20 for the Next 20 2015

March, 2015

President and CEO, Adult Friends for Youth


AGE 51

When Deborah Spencer-Chun contemplated a career, the decision was easy. From her parents, who worked for social service agencies, to her siblings, she says helping others is in her DNA. That was 27 years ago. Today, she’s as committed as ever.

While there was no question about her career, the population she ended up working with surprised her. “I didn’t start thinking gangs or male youth. Most people shy away because they think it’s tough to work with adolescents. But I think adolescents are a misunderstood group of kids. This stage when they are trying to find themselves is the best time. … They’re so full of energy and ideas.”

When she first started, she was primarily out in the field, connecting with kids and rescuing them from fights at three in the morning. Nowadays, she spends more time educating the public on their program. But, regardless of what her job entails, Spencer-Chun is excited and proud of the things her kids and the organization has accomplished.

“We don’t have a termination phase so our kids come back at any time,” she says. “It’s so exciting that we have the kind of relationship with our students that they always call us and want to visit and keep us updated. I’m really blessed to have this job. … I see this as a purpose in life for me.”

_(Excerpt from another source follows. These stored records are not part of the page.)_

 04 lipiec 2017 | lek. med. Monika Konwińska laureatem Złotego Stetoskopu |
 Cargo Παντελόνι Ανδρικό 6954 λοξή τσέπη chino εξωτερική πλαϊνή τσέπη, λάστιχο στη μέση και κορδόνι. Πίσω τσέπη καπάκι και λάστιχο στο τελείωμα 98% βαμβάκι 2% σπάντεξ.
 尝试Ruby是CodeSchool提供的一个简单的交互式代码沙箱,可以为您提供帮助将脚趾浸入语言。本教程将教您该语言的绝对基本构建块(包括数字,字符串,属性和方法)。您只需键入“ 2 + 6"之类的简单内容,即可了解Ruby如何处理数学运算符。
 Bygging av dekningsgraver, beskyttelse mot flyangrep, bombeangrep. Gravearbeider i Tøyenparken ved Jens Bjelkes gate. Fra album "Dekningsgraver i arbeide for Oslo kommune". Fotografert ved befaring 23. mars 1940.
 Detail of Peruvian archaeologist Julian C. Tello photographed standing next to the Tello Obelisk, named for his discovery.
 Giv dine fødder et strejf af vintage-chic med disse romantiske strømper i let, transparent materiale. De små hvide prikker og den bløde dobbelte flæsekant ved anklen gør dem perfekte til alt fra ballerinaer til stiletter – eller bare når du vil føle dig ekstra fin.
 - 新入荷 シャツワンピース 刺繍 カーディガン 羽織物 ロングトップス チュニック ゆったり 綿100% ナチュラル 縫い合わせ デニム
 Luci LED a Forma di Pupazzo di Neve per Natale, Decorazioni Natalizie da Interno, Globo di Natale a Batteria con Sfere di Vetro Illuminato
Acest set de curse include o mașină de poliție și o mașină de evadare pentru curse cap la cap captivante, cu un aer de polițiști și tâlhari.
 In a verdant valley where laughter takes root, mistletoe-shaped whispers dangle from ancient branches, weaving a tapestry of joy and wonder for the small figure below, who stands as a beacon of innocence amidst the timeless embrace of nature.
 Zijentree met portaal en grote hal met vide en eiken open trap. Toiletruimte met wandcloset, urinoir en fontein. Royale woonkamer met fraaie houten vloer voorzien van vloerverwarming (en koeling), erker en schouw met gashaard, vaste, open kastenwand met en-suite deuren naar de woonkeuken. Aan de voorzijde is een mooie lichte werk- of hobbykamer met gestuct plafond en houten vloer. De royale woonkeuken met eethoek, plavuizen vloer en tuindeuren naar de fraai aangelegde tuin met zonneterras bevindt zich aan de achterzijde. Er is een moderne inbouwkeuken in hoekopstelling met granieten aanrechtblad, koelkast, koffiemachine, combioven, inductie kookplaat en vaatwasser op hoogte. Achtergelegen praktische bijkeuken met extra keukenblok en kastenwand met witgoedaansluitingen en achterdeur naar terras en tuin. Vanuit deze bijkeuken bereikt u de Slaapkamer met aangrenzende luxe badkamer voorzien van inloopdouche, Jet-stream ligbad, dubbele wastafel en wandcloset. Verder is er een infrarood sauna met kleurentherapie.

Even on bad days, she doesn’t lose sight of why this is her life’s work. “When you lose them to violence and suicide, it’s never easy. But then you remember the reason you’re here. One question I always think about and ask our kids is: ‘What if we didn’t exist?’ Where would they be today? They would say, ‘I’d either be dead or in jail.’ ”

That was the case for former client Malakai Maumalanga. “She was right there with him even when he was incarcerated,” says Adult Friends for Youth VP McKay Schwenke, who has worked alongside Spencer-Chun for the past 23 years. “When he got out of prison, Deb continued to work with him and encouraged him to go to college. He went on to get his bachelor’s and then a master’s degree. Today, he is one of our lead clinicians. That’s just an example of how she’s always willing to do what she can to help. These are her own kids.”